A genetic variant in the promoter region of miR-106b-25 cluster predict clinical outcome of HBV-related hepatocellular carcinoma in Chinese.

• Main Authors: Fuzhen Qi, Mingde Huang, Yun Pan, Yao Liu, Jibin Liu, Juan Wen, Kaipeng Xie, Hongbing Shen, Hongxia Ma, Yi Miao, Zhibin Hu
• Format: Article
• Language: English
• Published: Public Library of Science (PLoS) 2014-01-01
• Series: PLoS ONE
• Online Access: http://europepmc.org/articles/PMC3885710?pdf=render

BACKGROUND: MiR-106b-25 cluster, hosted in intron 13 of MCM7, may play integral roles in diverse processes including immune response, tumorigenesis and progression.
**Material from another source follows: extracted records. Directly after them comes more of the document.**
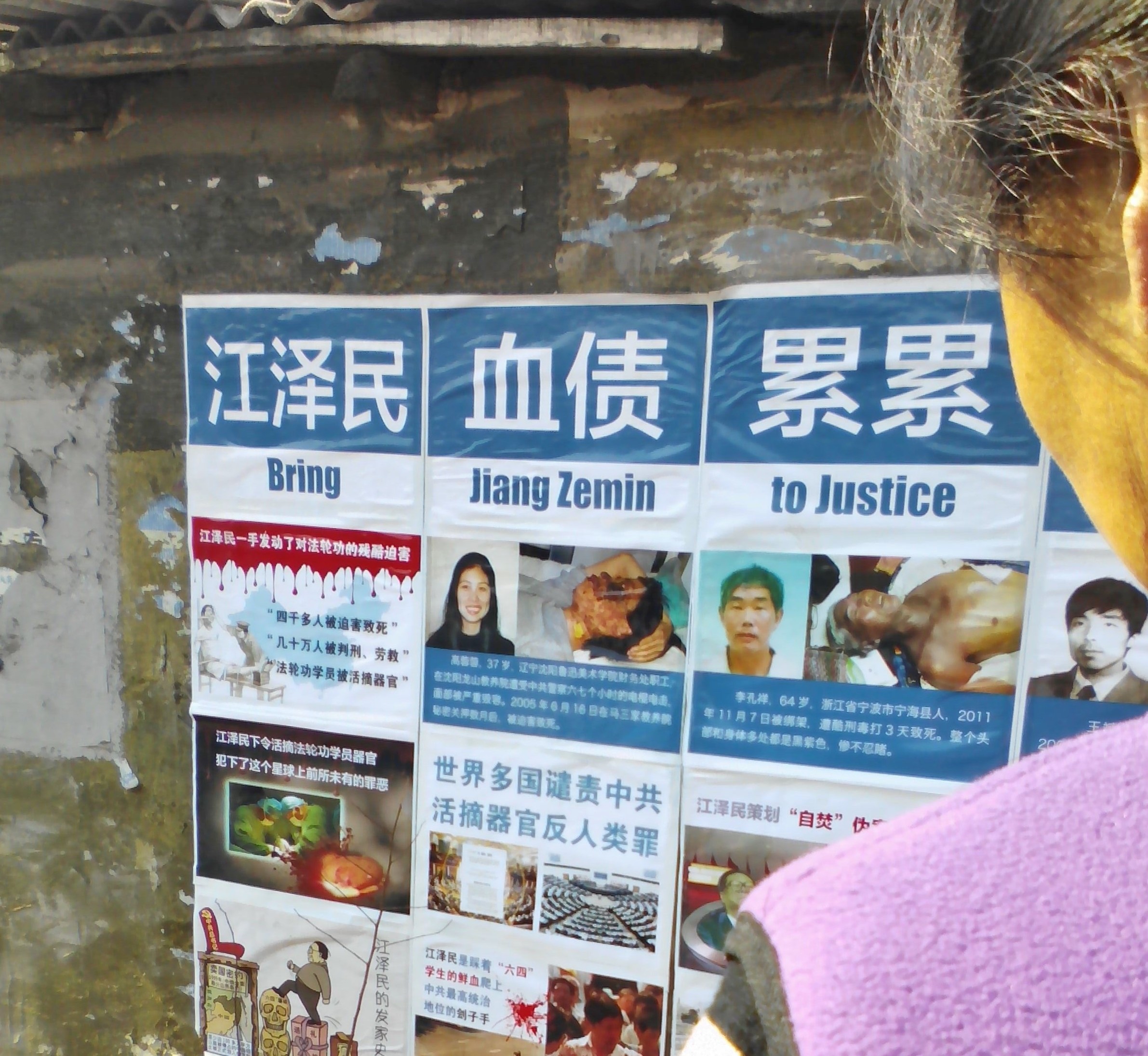 抚顺市城市乡村出现的诉江展板和真相条幅
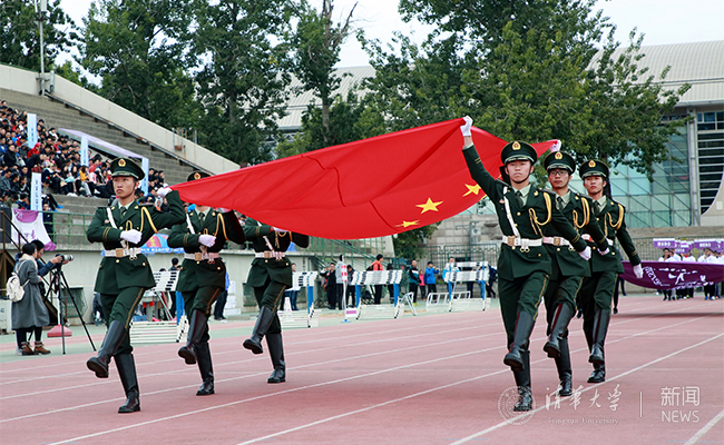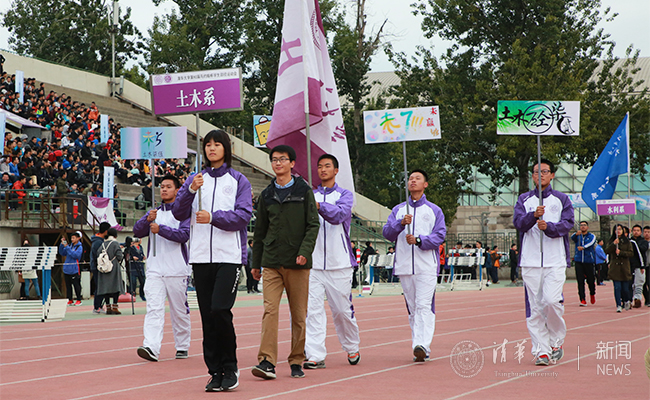 伴着凉爽的秋风,来自各院系所有大一班级的同学和51个体育协会依次入场接受检阅。他们列队整齐、步履轻快,充分展示出清华大学生的精神风貌。
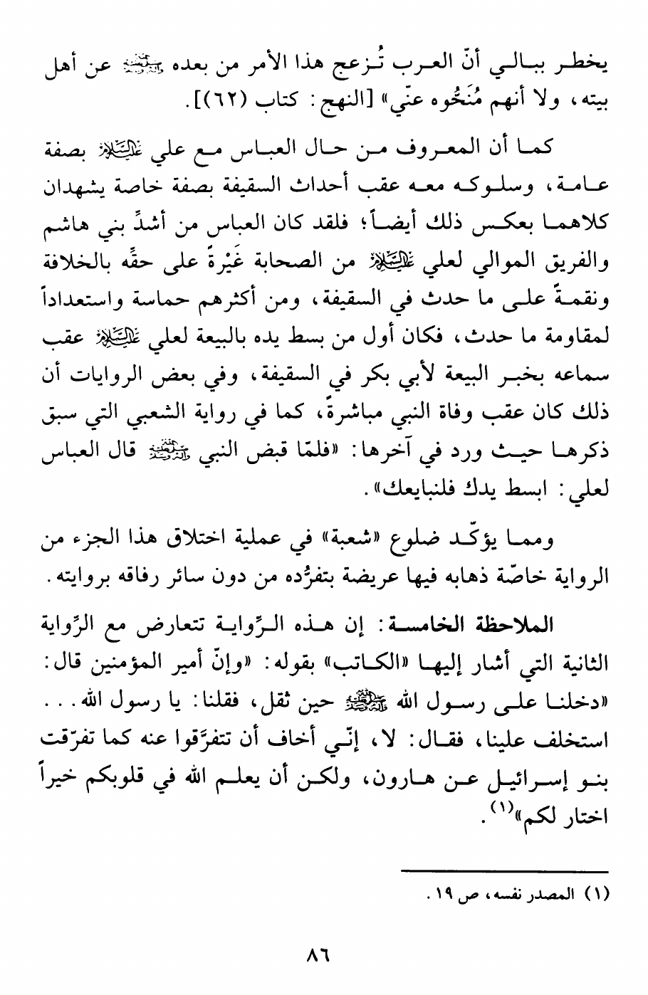 نام کتاب : التشيع المفترى عليه ، مداخلات وهوامش نقدية على كتاب (تطور الفكر السياسي الشيعي من الشورى إلى ولاية الفقيه) نویسنده : خالد ابا ذر العطية جلد : 1 صفحه : 86

A single nucleotide polymorphism (SNP), rs999885, is located in the promoter region of MCM7. Our previous study showed that the A to G base change of rs999885 may provide an increased risk for HCC in HBV persistent carriers by altering the expression of the miR-106b-25 cluster. However, it is unknown whether rs999885 is associated with prognosis of intermediate or advanced HBV-related hepatocellular carcinoma (HCC) patients. METHODS: The SNP, rs999885, was genotyped by using the TaqMan allelic discrimination Assay in 414 intermediate or advanced HCC patients. Log-rank test and Cox proportional hazard models were used for survival analysis. RESULTS: The variant genotypes of rs999885 were associated with a significantly decreased risk of death for intermediate or advanced HCC [additive model: adjusted hazard ratio (HR)  = 0.76,95% confidence intervals (CI)  = 0.59-0.97]. Further stepwise regression analysis suggested that rs999885 was an independently protective factor for the prognosis of HCC in the final model (additive model: adjusted HR  = 0.72, 95% CI  = 0.56-0.91, P = 0.007). CONCLUSIONS: These findings indicate that the A to G base change of rs999885 may provide a protective effect on the prognosis of intermediate or advanced HCC in Chinese.